I did try to compile mpich directly from source "out of the box" with default tools, which means (as I learned) "/usr/bin/gcc = apples clang 12", and ran into the same runtime err.
I was unable to compile mpich with macports /opt/local/bin/gcc-mp-10, for the stupid reason that ./configure ran into a configure error complaining about -std=c99 not working (it does), but that is a discussion for another group.
comment:7 Changed 4 years ago by eborisch (Eric A. Borisch)
This should be resolved now (as of switch back to ch3.)
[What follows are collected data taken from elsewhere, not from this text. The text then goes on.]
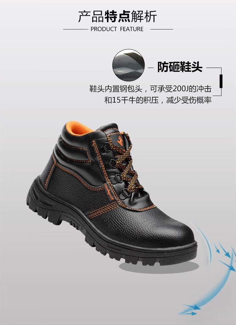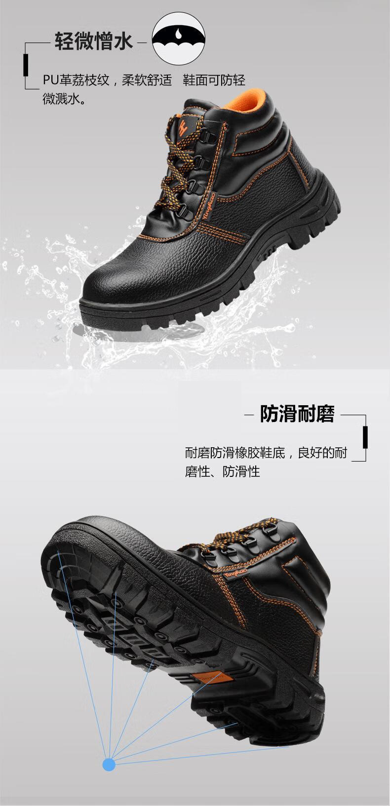 包装清单:1英豪 防砸防穿刺劳保鞋 G210 35-47码 黑色 铁头+铁底 PU革+橡胶底
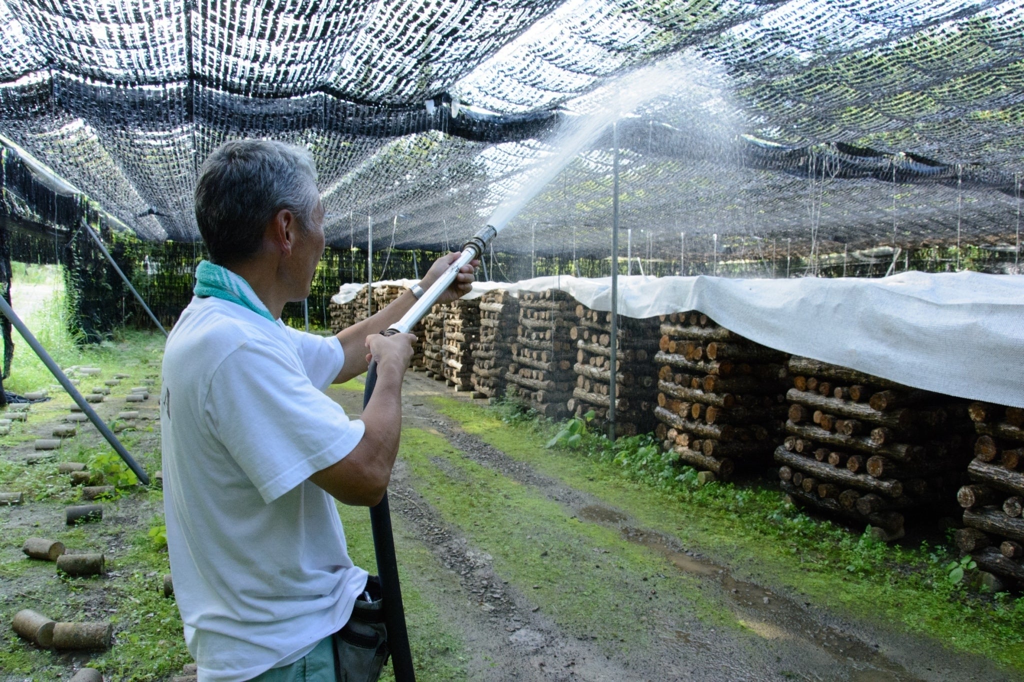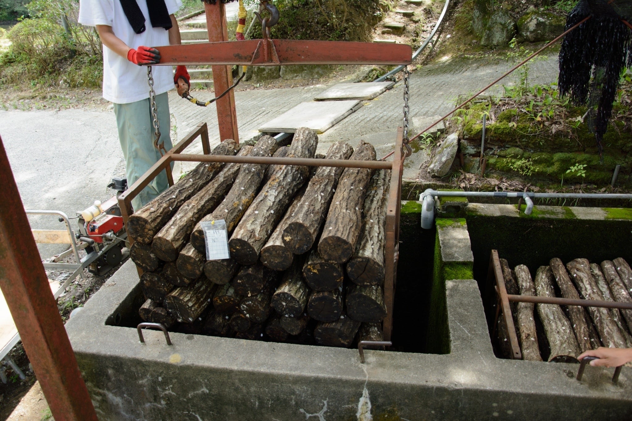 スタッフ総出で見た目よりもかなり重い原木を何度も動かして環境を整えながら丹精込めて作っています。
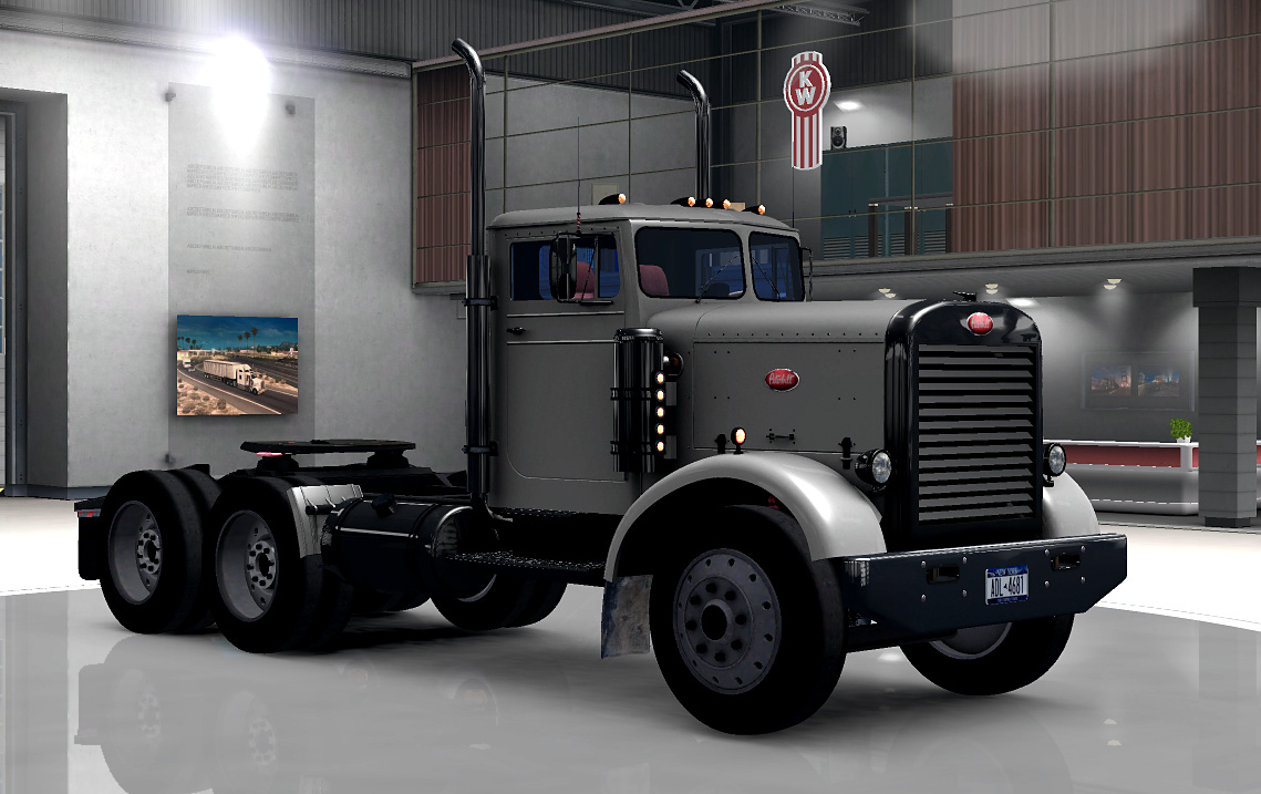 One issue that I have experienced with mods is the spawn rate – one that I loaded into American Truck literally took over all the AI trailers so that any truck out there was hauling an R3000 Reefer in one of the liveries the mod supplied. I disabled that one but will put it in again from time to time if I want to get a screenshot with one of the specific company’s trailers. Other issues include skin textures that don’t load correctly resulting in bright red trailers, sometimes displaying the word ‘texture’, running around in game 😦 Another, less important, issue is the mods that break the game economy. I prefer not to use ones that do that – I could already have a ‘389 but the mod sets the price at just over $50k which is unrealistic as it should probably be closer to the $120k cost of the Kenworth W900. I have recently added the Peterbilt 351 into ATS again. This is a very old truck and the asking price of around $45k probably isn’t economy breaking – I may indulge myself and buy one to drive as a change from ‘Rolled Gold’.
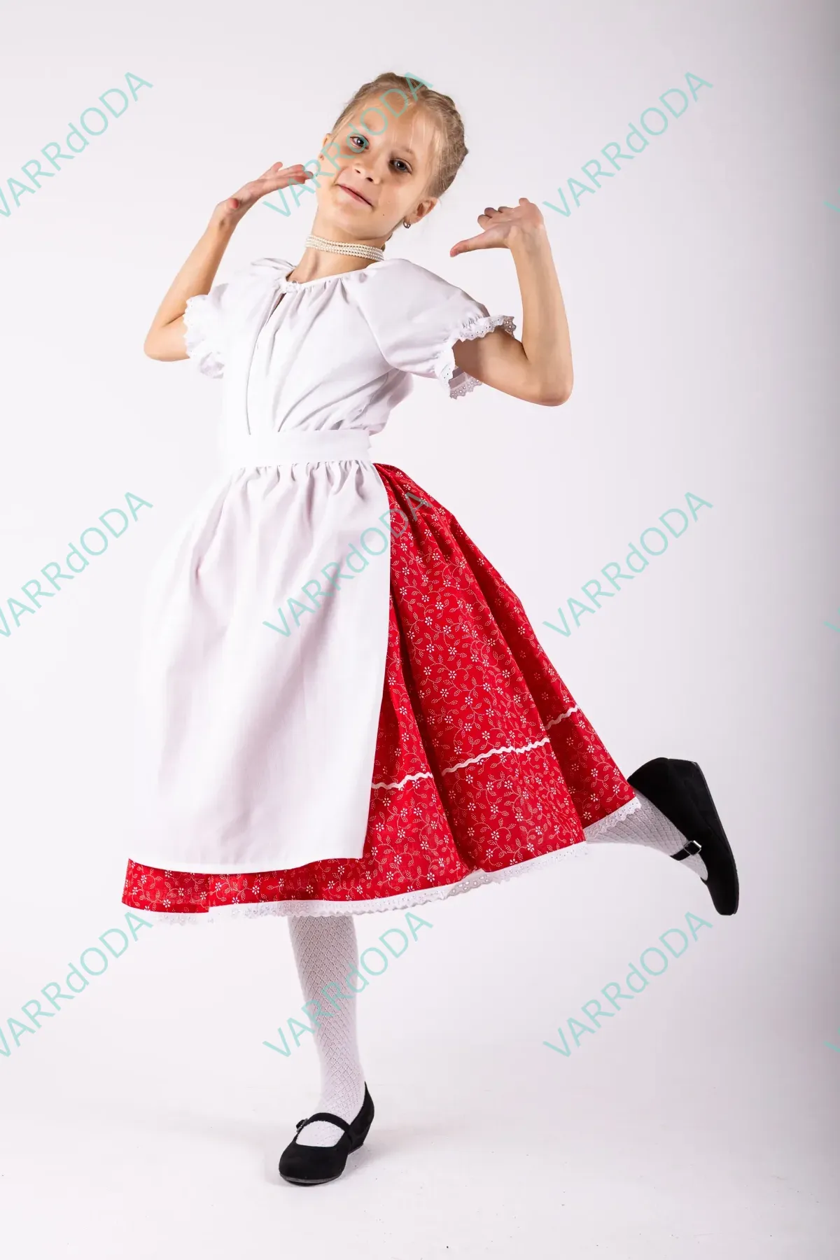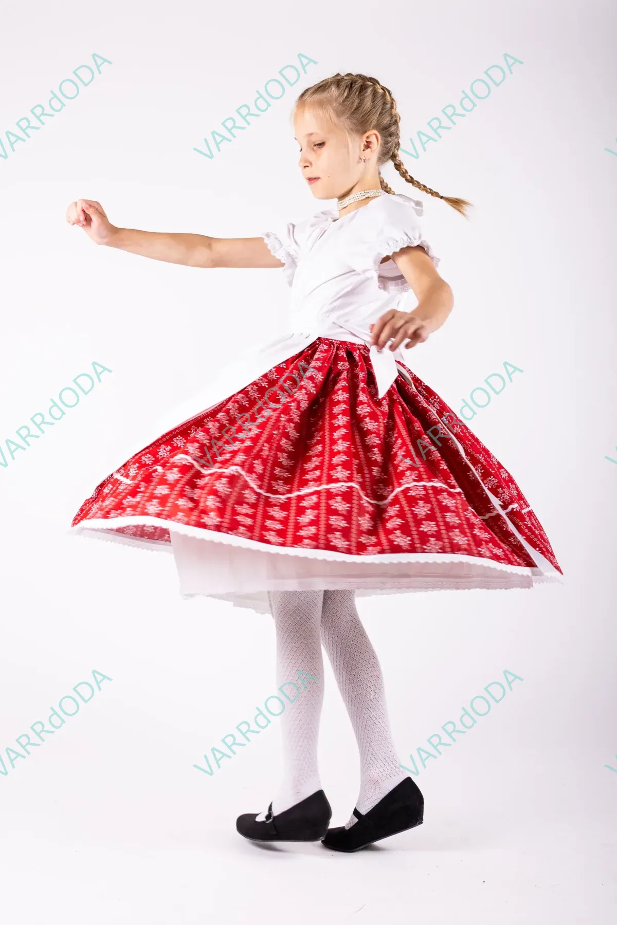 Hagyományőrző fehér matyó néptáncos szoknya gyerekeknek, amely tökéletes néptánc próbákhoz és fellépésekhez. Kényelmes, rugalmas derekú, 100%-os pamutvászonból készült.
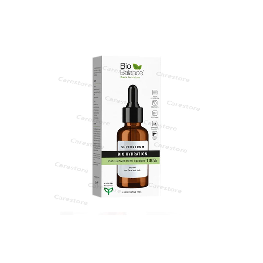 BIO BALANCE Super Serum Bio Hydration (30ML) is a deeply nourishing, natural serum that hydrates, repairs, and softens skin while leaving a light, non-greasy finish. Formulated with 100% plant-derived Hemi-Squalene (ECOCERT approved), this preservative-free and perfume-free serum works to restore skin barrier function, prevent moisture loss, and enhance skin softness. Its lightweight texture makes it suitable for both skin and hair care, providing natural hydration without heaviness.

comment:8 Changed 4 years ago by eborisch (Eric A. Borisch)
Resolution: | → fixed |
---|---|
Status: | assigned → closed |
Huh. I can recreate this with mpich-default, but I typically use mpich-clang* (because I also want OpenMP support baked in), and it doesn't occur on mpich-clang10, to be sure.
Short term, I would recommend one of the mpich-clang* ports; long term, we may need to revisit if -default should use one of our provided clangs rather than the system one, as well as reporting upstream to see if we can get some resolution.